TensorRT-LLM
TensorRT-LLM copied to clipboard
ChatGLMHeadModel/layers/0/pre_norm/PLUGIN_V2_Rmsnorm_0: could not find any supported formats consistent with input/output data types
System Info
GPU V100 cuda-11.4
Who can help?
No response
Information
- [X] The official example scripts
- [ ] My own modified scripts
Tasks
- [X] An officially supported task in the
examples
folder (such as GLUE/SQuAD, ...) - [ ] My own task or dataset (give details below)
Reproduction
python build.py --model_dir ./chatglm2-6b --output_dir ./chatglm2-6b.trt.f32 --dtype float32
Expected behavior
success
actual behavior
[01/17/2024-11:12:06] [TRT] [I] BuilderFlag::kTF32 is set but hardware does not support TF32. Disabling TF32.
[01/17/2024-11:12:06] [TRT] [W] Unused Input: position_ids
[01/17/2024-11:12:06] [TRT] [W] [RemoveDeadLayers] Input Tensor position_ids is unused or used only at compile-time, but is not being removed.
[01/17/2024-11:12:06] [TRT] [I] [MemUsageChange] Init cuBLAS/cuBLASLt: CPU +0, GPU +8, now: CPU 25007, GPU 622 (MiB)
[01/17/2024-11:12:07] [TRT] [I] [MemUsageChange] Init cuDNN: CPU +273, GPU +170, now: CPU 25280, GPU 792 (MiB)
[01/17/2024-11:12:07] [TRT] [W] TensorRT was linked against cuDNN 8.9.6 but loaded cuDNN 8.2.4
[01/17/2024-11:12:07] [TRT] [I] BuilderFlag::kTF32 is set but hardware does not support TF32. Disabling TF32.
[01/17/2024-11:12:07] [TRT] [I] Global timing cache in use.
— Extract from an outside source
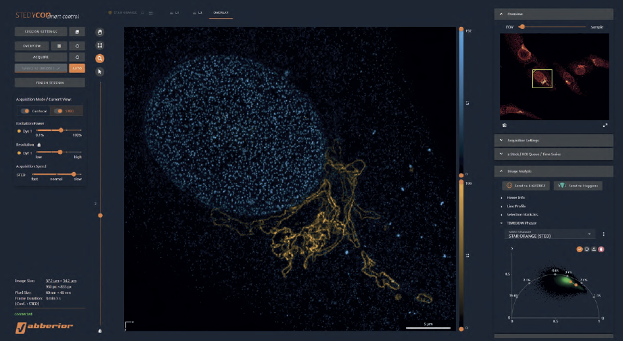 Plánujete provádět rutinní zobrazování za účelem kontroly zavedených markerů? Provádíte složité mikroskopické experimenty za účelem řešení náročných výzkumných otázek? Inteligentní ovládání STEDYCON vám to vše umožní.

Profiling results in this builder pass will be stored.
[01/17/2024-11:12:07] [TRT] [E] 9: ChatGLMHeadModel/layers/0/pre_norm/PLUGIN_V2_Rmsnorm_0: could not find any supported formats consistent with input/output data types
[01/17/2024-11:12:07] [TRT] [E] 9: [pluginV2Builder.cpp::reportPluginError::24] Error Code 9: Internal Error (ChatGLMHeadModel/layers/0/pre_norm/PLUGIN_V2_Rmsnorm_0: could not find any supported formats consistent with input/output data types)
[01/17/2024-11:12:07] [TRT-LLM] [E] Engine building failed, please check the error log.
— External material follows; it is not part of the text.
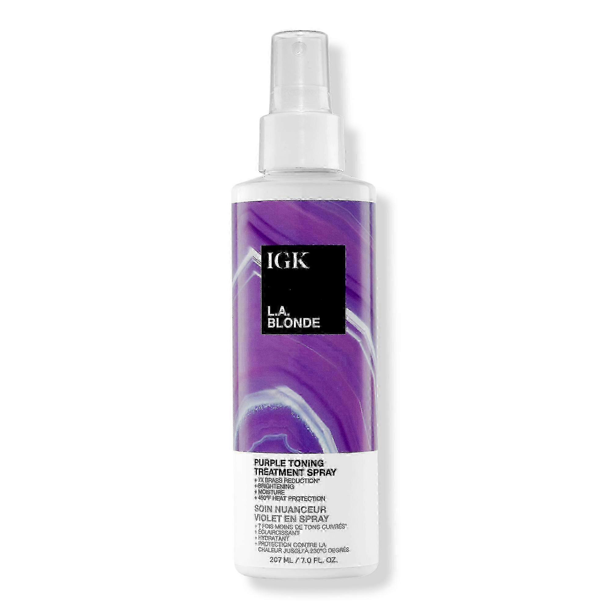 IGK's L.A. Blonde Toning Leave In Spray is a purple toning leave-in treatment that instantly neutralizes brass and brightens blonde. Lightweight formula restores hydration and provides 450F heat protection. Benefits 7x reduced brassiness*, brighter shade, moisturized strands, 450F heat protectionSoften, strengthen, hydrate, add shineSqualane-infused to help restore moisture, brilliance and shineUltra-clean formulas*When used as a system of Blonde Pop Shampoo, Conditioner and L.A. Blonde Treatment Spray Key Ingredients Purple Rice: helps soften and strengthen hairHyaluronic Acid*: hydrates and holds nearly 1000x its weight in water Formulated Without GlutenParabensSulfates (SLS or SLES)PetrolatumMineral Oil Suggested Use: Spray evenly onto clean, damp hair. Comb through and follow with styler. Expiration Date: We have fresh stock each week with exceptional expiration dates prior to APRIL 2024. Products will expire no later than six months to 1 year after receipt. Product Packaging: Please note that some manufacturer may often change their packaging. This product may arrive different from what is pictured. We will always ship the most up-to-date packaging to our customers. Please contact us if you have any questions about this product or would like to request an older version of this product. Healthcare Disclaimer: Content on this site is for reference purposes only. OTC Shoppe Express does not represent or warrant that the nutrition, ingredient, allergen and other product information on our Web or Mobile sites are accurate or complete, since this information comes from the product manufacturers. On occasion, manufacturers may improve or change their product formulas and update their labels. We recommend that you do not rely solely on the information presented on our Web or Mobile sites and that you review the product's label or contact the manufacturer directly if you have specific product concerns or questions. If you have specific healthcare concerns or questions about the products displayed, please contact your licensed healthcare professional for advice or answers. UPC: 000002593497 Weight: 0.94 lbs

[01/17/2024-11:12:07] [TRT-LLM] [I] Config saved to ./chatglm2-6b.trt.f32/config.json.
Traceback (most recent call last):
File "/root/tensort-llm/TensorRT-LLM/examples/chatglm/build.py", line 910, in
additional notes
if I do not use '--dtype float32', it will success. But I really need float32. Thanks!
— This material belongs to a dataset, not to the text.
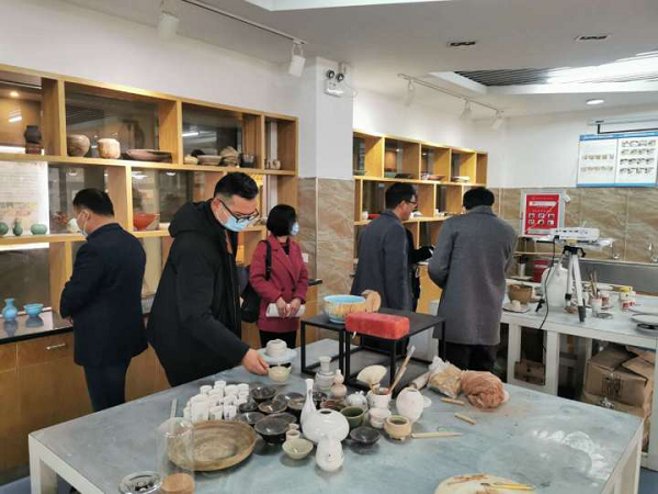 会后,在我校生物化工系主任任吉丹的带领下,考察团队参观了花雕技艺工作室和花雕展厅。考察团队对我校师生制作的花雕作品表示了充分肯定,并提出希望学校充分运用绍兴黄酒文化遗产资源,发挥自身优势,推进区域特色文化建设,要注重通过非遗传承基地、非遗展示馆等平台建设,推进花雕技艺的保护传承工作,促进文化遗产的展示宣传。同时,要进一步不断加大宣传力度,加深公众对文化遗产的了解和认识,促进社会共享。

Thank you for coming up with this usage!
In fact, all plugins (rmsnorm/layernorm, gemm, apt_attention) are set in FP16 in default even though building with --dtype=float32
.
If you need FP32 engine, these arguments needs to be added: --dtype=float32 --use_rmsnorm_plugin=float32 --use_gemm_plugin=float32 --use_gpt_attention_plugin=float32
.
We will add related usage and illustration in the README.md.